If the load of the network card is too high, there will be data transmission delay and data packet loss in the network layer and TCP layer. In addition to memory, the high performance of Redis lies in the network IO. A sudden increase in the number of requests will lead to a high load on the network card.

If this happens, you need to find out which Redis instance on this machine has excessive traffic and take up full network bandwidth, and then confirm whether the sudden increase in traffic is a normal business situation. If so, you need to expand or migrate the instance in time to prevent other instances of this machine from being affected.

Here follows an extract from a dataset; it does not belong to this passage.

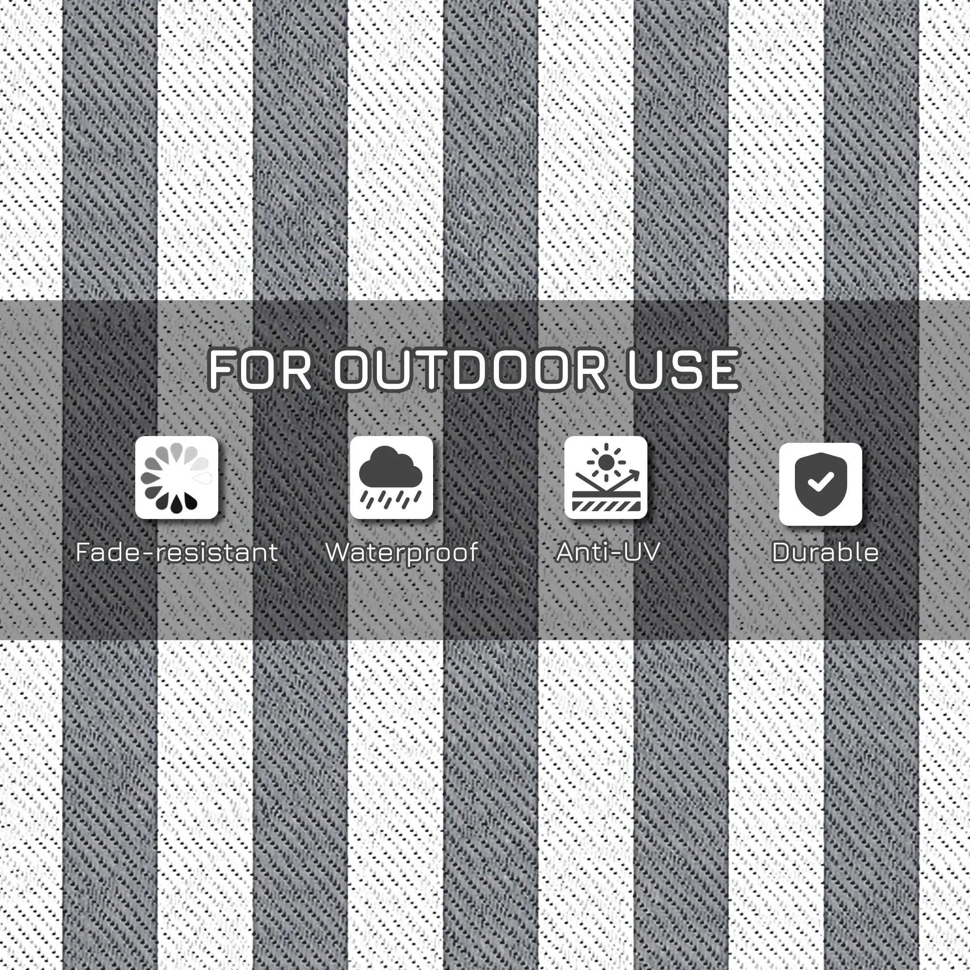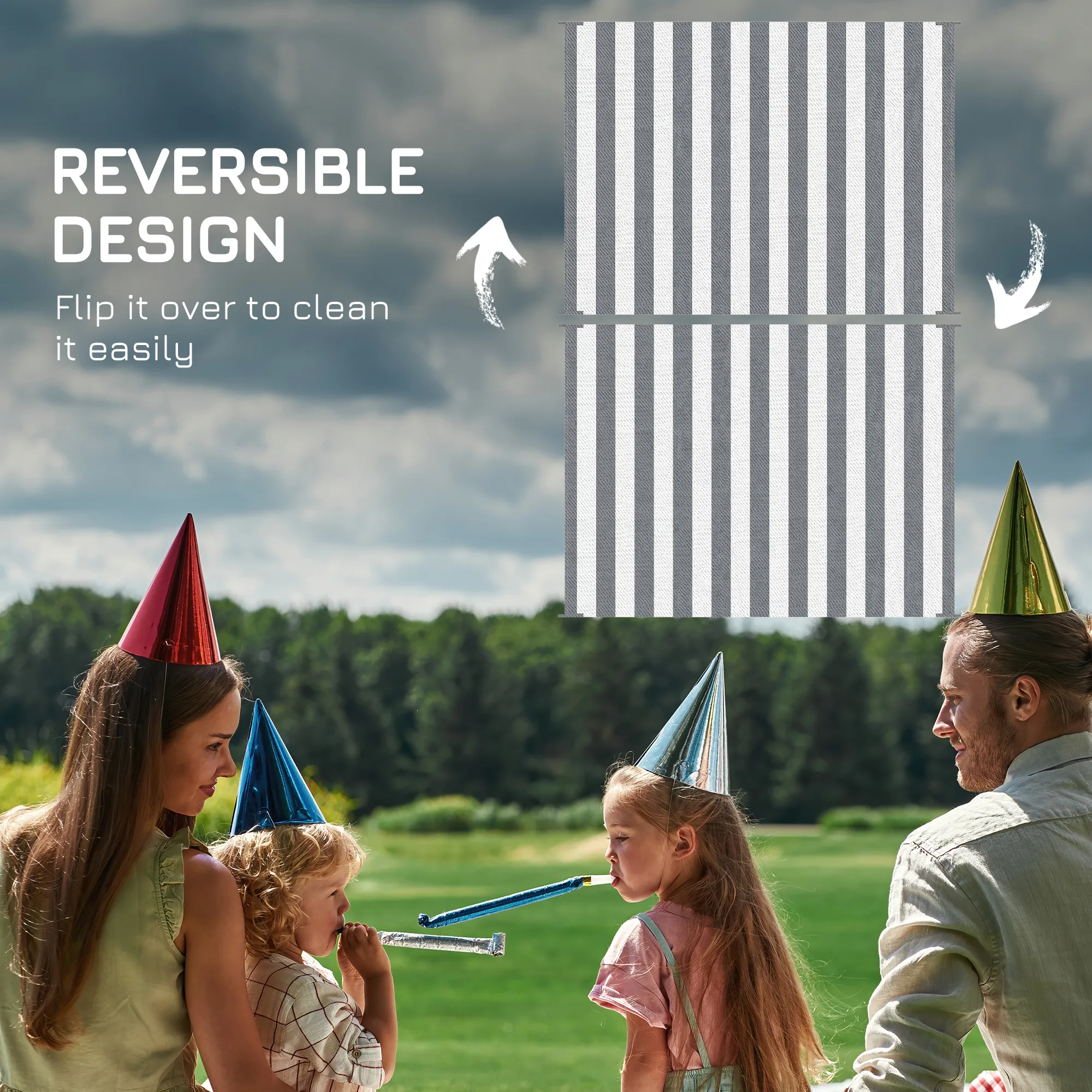 Camp on carpet with Outsunny. This waterproof rug is designed to handle dirt. Outdoor-ready, our rug really cleans up fast; sweep it, spray it, wipe it, or wave it; its powerful polypropylene fibers stay dry and don't saturate. Keep an outdoor rug in the camper, RV, or car; it's excellent for camping, beach trips, patio picnics, or anywhere outside. The color is reversible, meaning you can flip our plastic rug over to have a fresh side or a fresh style. Upholster the outdoors with Outsunny. Features: - Waterproof rug for camping, picnics, or the RV - Foldable design for space-saving storage and transport - Reversible design with two usable sides - Reinforced edges to prevent fraying - Mount it to the ground from the four corner loops Specification: - Style: Gray, White - Materials: 310g/m² Polypropylene, Non-Woven Fabric - Overall Dimensions: 107.75" W x 143.75" L - Carry Bag Dimensions: 28" L x 12.5" W x 7.5" H - Item Label: 844-634V00GY - NOTE: This outside rug is not fireproof. Please keep it away from fire, ashes, and embers Package Includes: - 1 x Outdoor Rug - 1 x Carry Bag Camp on a carpet with Outsunny. This porch rug is designed to handle dirt. Outdoor-ready, our rug really cleans up fast; sweep, spray, wipe, or wave it; its powerful polypropylene fibers stay dry and don't saturate. The color is reversible, meaning you can flip our plastic rug over for a fresh side or style. Features: - Reversible with double sides for varied use - Made of polypropylene, with a protective coating to help prevent fading and sun damage - Features robust edging to prevent fraying - Space-saving foldable design for easy storage and transport - Carry bag included - Versatile for camping, picnics, RV road tours, and more Specification: - Color: Black and White - Style: Chain - Materials: 310g/m² Polypropylene, Non-Woven Fabric - Dimensions: 215.7" L x 107.9" W - Carry Bag Dimensions: 36.6" L x 13.4" W x 7.5" H - Item Label: 844-805V00MX - Note: Not fireproof, keep away from fire Package Includes: - 1 x Outdoor Rug - 1 x Carry Bag Camp on carpet with Outsunny. Features: - Waterproof rug for camping, picnics, or the RV - Foldable design for space-saving storage and transport - Reversible design with two usable sides - Reinforced edges to prevent fraying - Mount it to the ground from the four corner loops Specification: - Style: Black and White Chain - Materials: 310g/m² Polypropylene, Non-Woven Fabric - Overall Dimensions: 95.75" W x 120" L - Carry Bag Dimensions: 24.5" L x 12.5" W x 5.5" H - Item Label: 844-805V02MX - NOTE: This outside rug is not fireproof. Please keep it away from fire, ashes, and embers Package Includes: - 1 x Outdoor Rug - 1 x Carry Bag Camp on carpet with Outsunny. Features: - Waterproof rug for camping, picnics, or the RV - Foldable design for space-saving storage and transport - Reversible design with two usable sides - Reinforced edges to prevent fraying - Mount it to the ground from the four corner loops Specification: - Style: Black and White Chain - Materials: 310g/m² Polypropylene, Non-Woven Fabric - Overall Dimensions: 107.75" W x 143.75" L - Carry Bag Dimensions: 28" L x 12.5" W x 7.5" H - Item Label: 844-805V01MX - NOTE: This outside rug is not fireproof. Please keep it away from fire, ashes, and embers Package Includes: - 1 x Outdoor Rug - 1 x Carry Bag.

At the operation and maintenance level, we need to increase the monitoring of various indicators of the machine, including network traffic, alarm in advance when the threshold is reached, timely confirmation with the business and capacity expansion.

Thank you for your reading, the above is the content of "how to troubleshoot Redis delay". After the study of this article, I believe you have a deeper understanding of how to troubleshoot Redis delay, and the specific use needs to be verified in practice. Here is, the editor will push for you more related knowledge points of the article, welcome to follow!

Welcome to subscribe "Shulou Technology Information " to get latest news, interesting things and hot topics in the IT industry, and controls the hottest and latest Internet news, technology news and IT industry trends.

*The comments in the above article only represent the author's personal views and do not represent the views and positions of this website. If you have more insights, please feel free to contribute and share.